## ACTIVITY
Nothing but the lines from the one including "Asylum seekers stand" through the last line of the entries, restated exactly, should appear in the answer; omit the pictures.

(Recorded data)

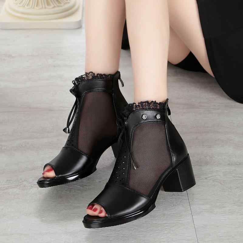 1833. 【予約販売5~12営業日での発送】 メッシュブーツサンダル レディース 女性用 レース ソフトレザー チャンキーヒール ミドルヒール 透かし ママシューズ コンフォート 履きやすい 春夏 カジュアル ・カラー展開: ブラック(クローズトゥ)、ブラック(ピープトウ)・サイズ展開: 35, 36, 37, 38, 39, 40, 41・アッパー素材: 牛革(スエード除く)・つま先形状: ピープトウ・カテゴリ: サンダルブーツ・スタイル: エレガント・ソール素材: 発泡ゴム 7,923円 税込 送料込 カードOK おうち健康生活 ![]() | ||
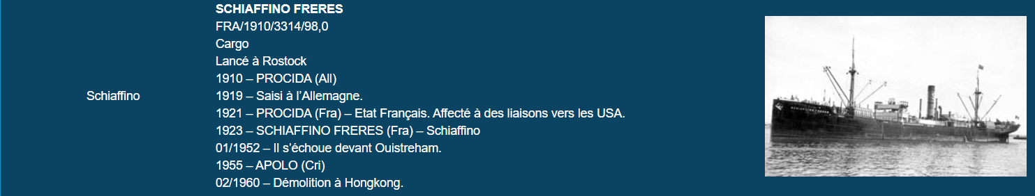 Voici la fiche Miramar du navire PROCIDA, futur SCHIAFFINO FRERES de la Société Algérienne de Navigation pour l'Afrique du Nord :
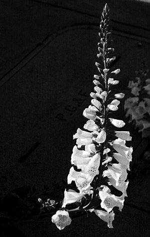 I figured that it would be possible to get a good black and white shot of the flower against an extremely dark sidewalk, something that you can’t do in the daytime.
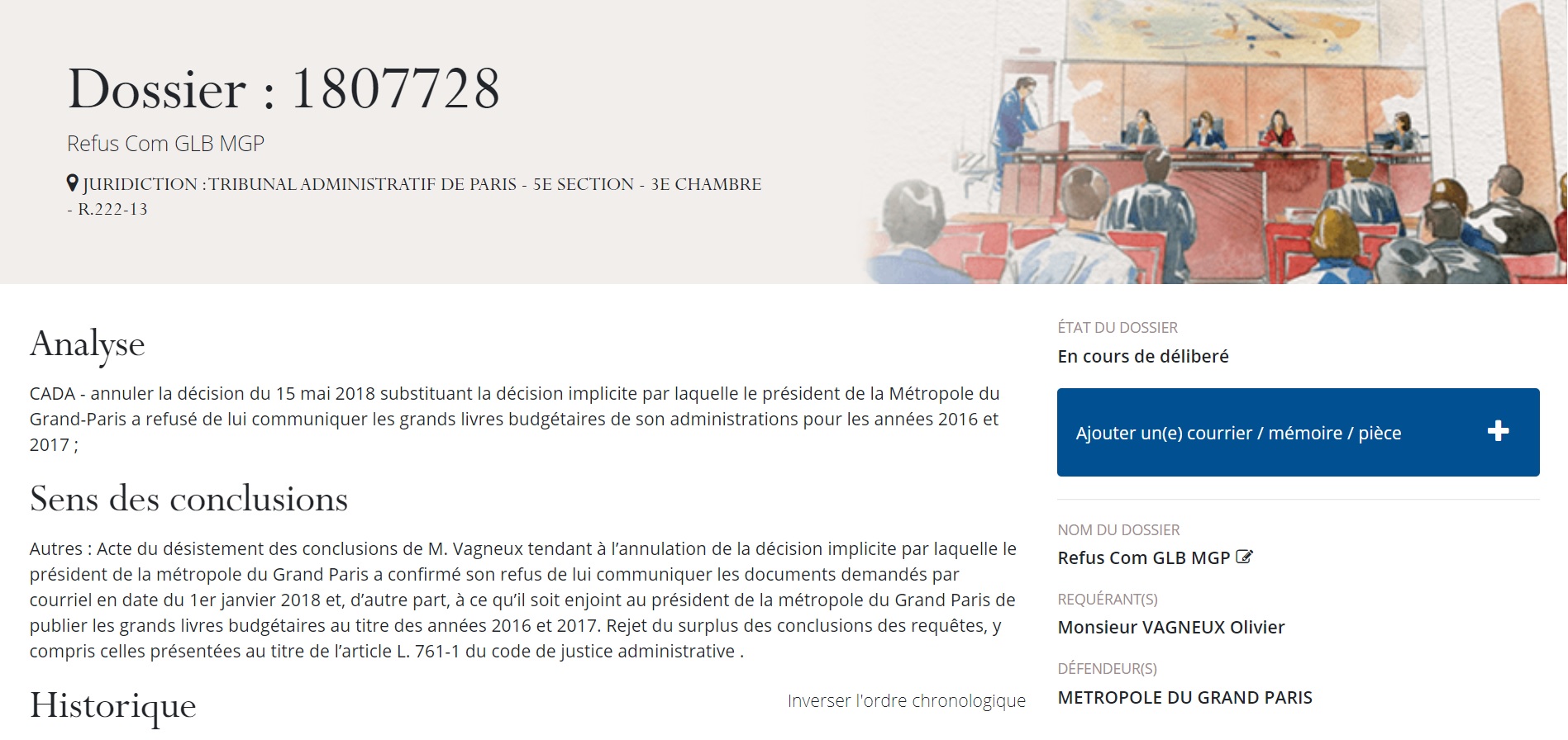 Tout d’abord, si le Tribunal suit les conclusions du rapporteur public, alors la Métropole recevra une injonction de publier les grands livres budgétaires 2016 et 2017.
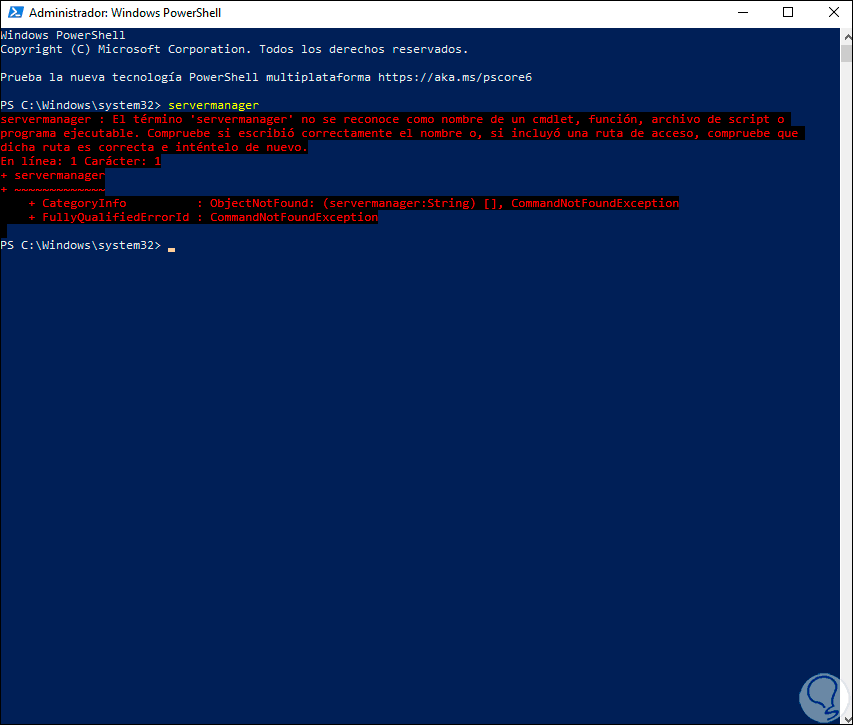 Después de esto, es posible ejecutar de nuevo "servermanager" en PowerShell:
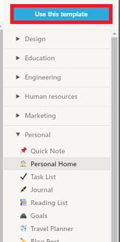 저는 Personal Home 템플릿을 선택했습니다.
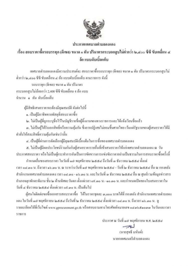สอบราคาซื้อรถบรรทุก (ดีเซล) ขนาด ๑ ตัน ปริมาตรกระบอกสูบไม่ต่ำกว่า ๒,๔๐๐ ซีซี ขับเคลื่อน ๔ ล้อ แบบดับเบิ้ลแค็บ
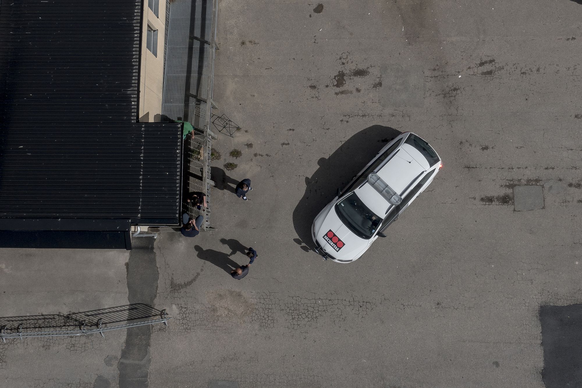 Asylum seekers stand outside their home in High Chaparral theme park, Sweden. A G4S security car patrols the area.
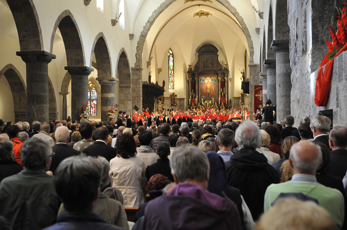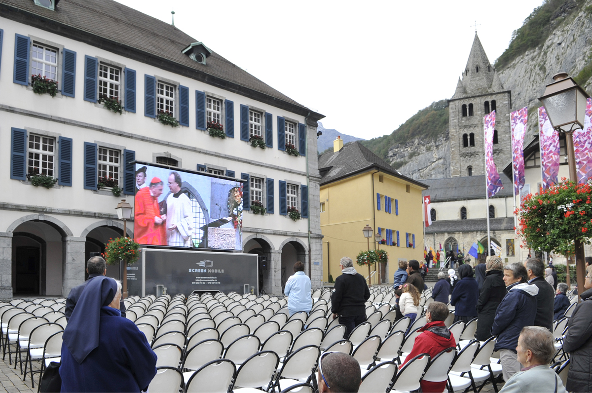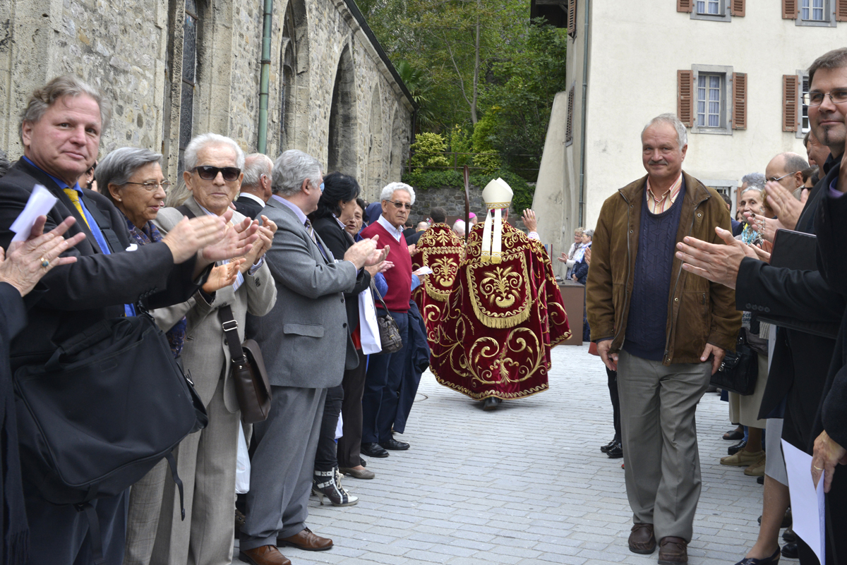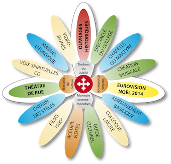 L'Abbaye vue d'avionConsciente de sa place de veilleur, humble et fragile, tant dans l’Eglise que dans le monde passionnant et difficile du 21e siècle, l’Abbaye de Saint-Maurice regarde son histoire, son présent et son avenir, comme des dons de Dieu. C’est ainsi qu’elle veut célébrer en 2015 le Jubilé des 1500 ans de sa fondation.
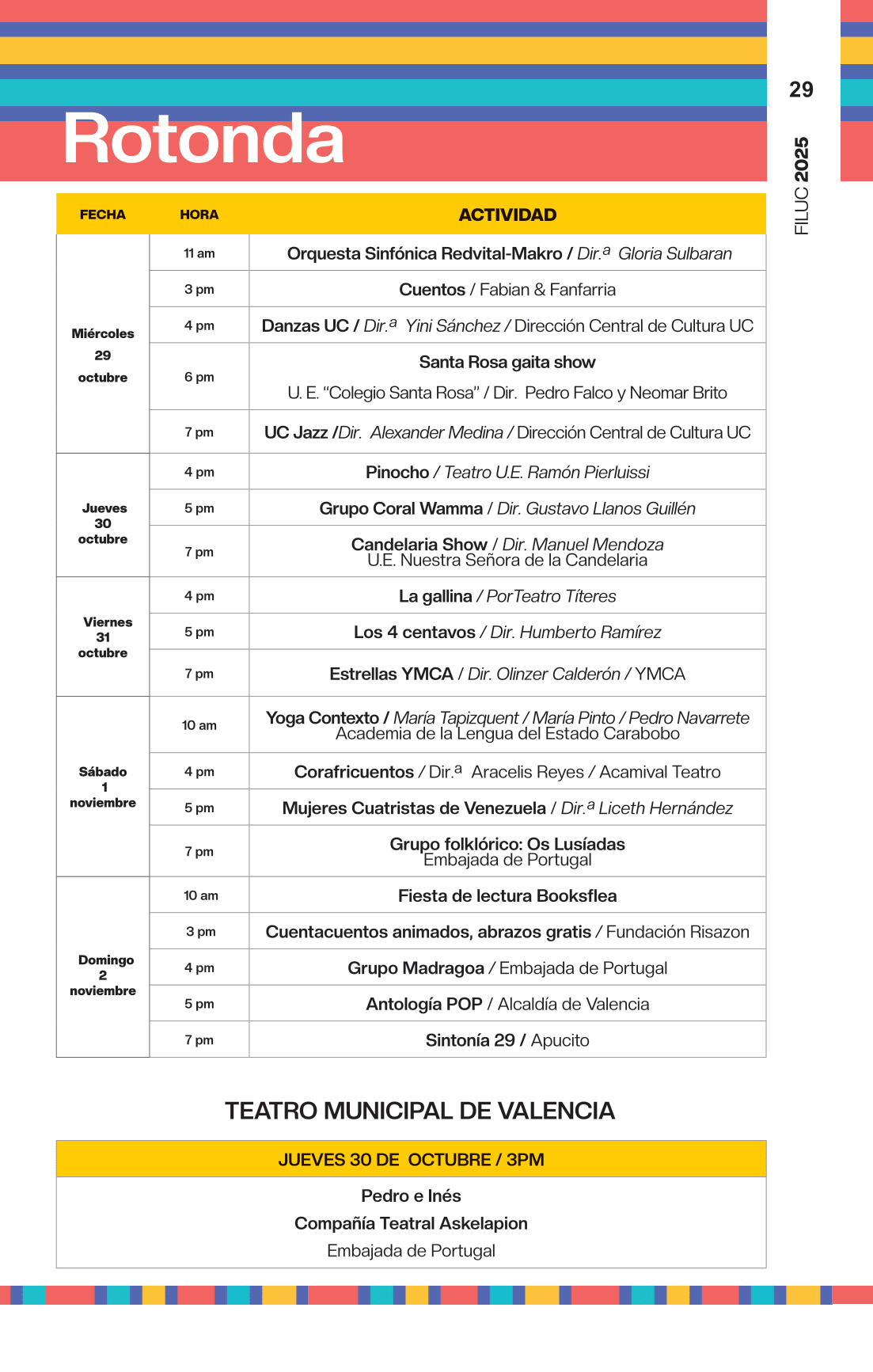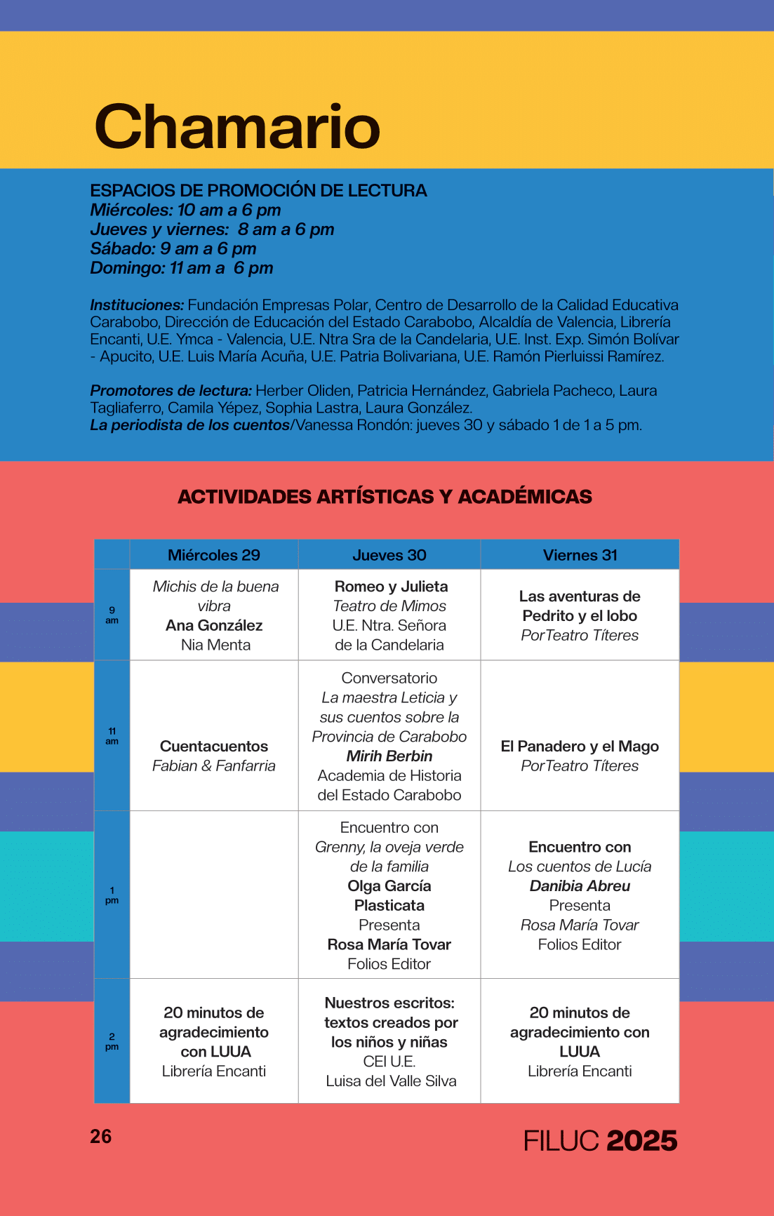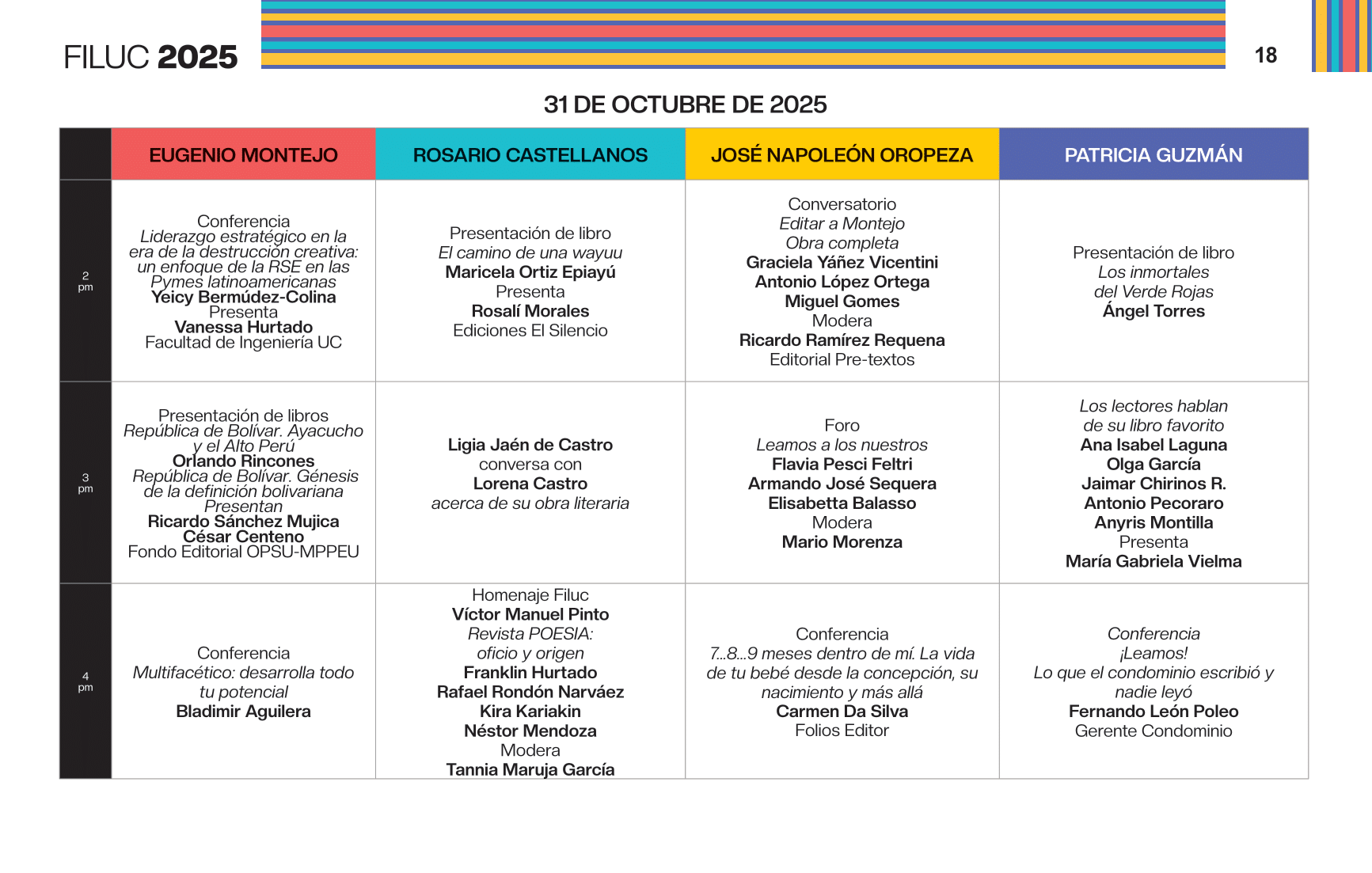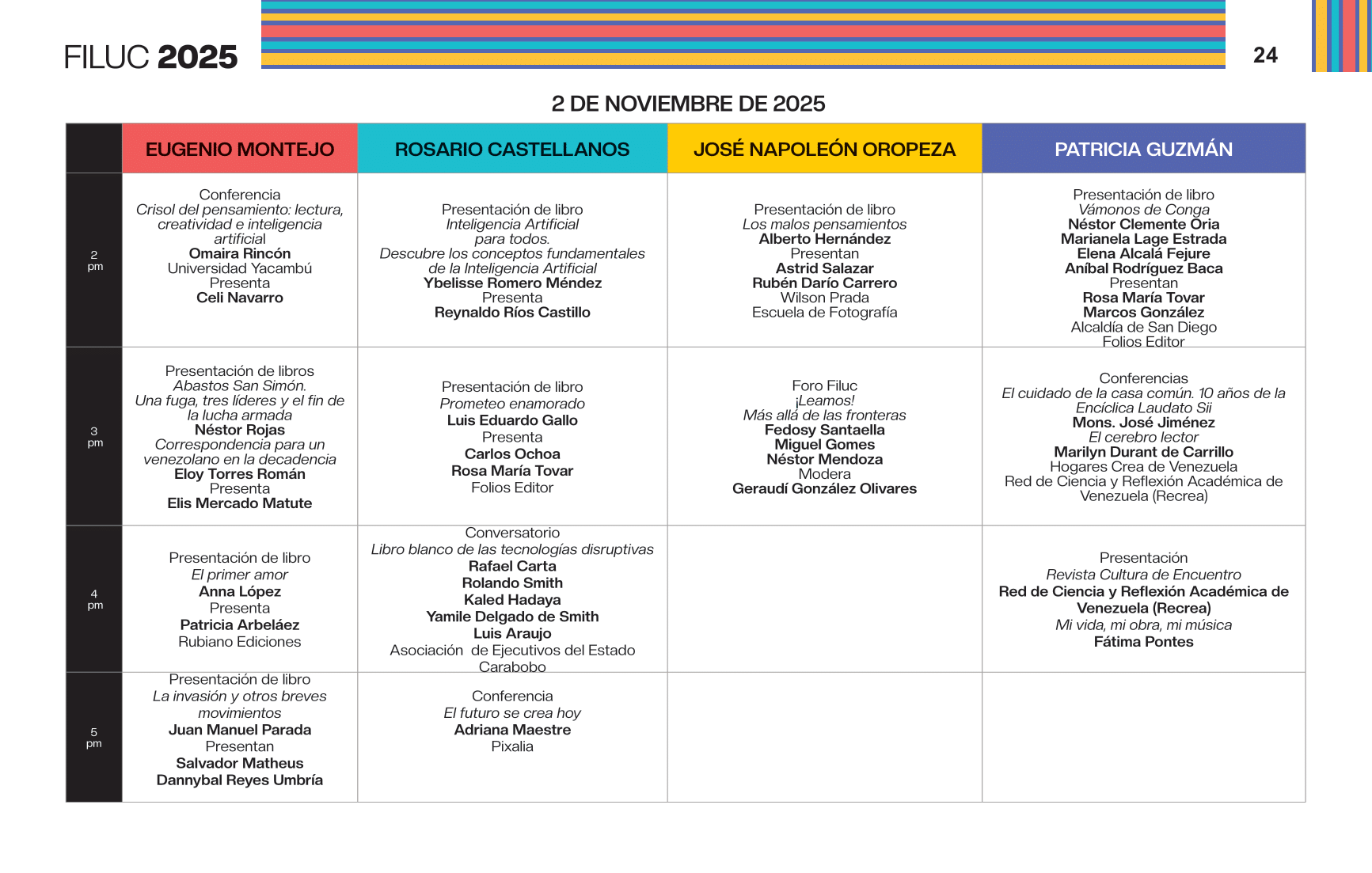 - 4:00 p.m. Libro 70 años de artículos de opinión en Venezuela, conversación dirigida por la periodista Aymara Lorenzo del podcast Con el oído en la letra, y con el editor Sergio Dahbar de la colección Periodismo de la Biblioteca Digital Banesco. Sala Rosario Castellanos.

## ANSWER SECTION
 Asylum seekers stand outside their home in High Chaparral theme park, Sweden. A G4S security car patrols the area.
 L'Abbaye vue d'avionConsciente de sa place de veilleur, humble et fragile, tant dans l’Eglise que dans le monde passionnant et difficile du 21e siècle, l’Abbaye de Saint-Maurice regarde son histoire, son présent et son avenir, comme des dons de Dieu. C’est ainsi qu’elle veut célébrer en 2015 le Jubilé des 1500 ans de sa fondation.
 - 4:00 p.m. Libro 70 años de artículos de opinión en Venezuela, conversación dirigida por la periodista Aymara Lorenzo del podcast Con el oído en la letra, y con el editor Sergio Dahbar de la colección Periodismo de la Biblioteca Digital Banesco. Sala Rosario Castellanos.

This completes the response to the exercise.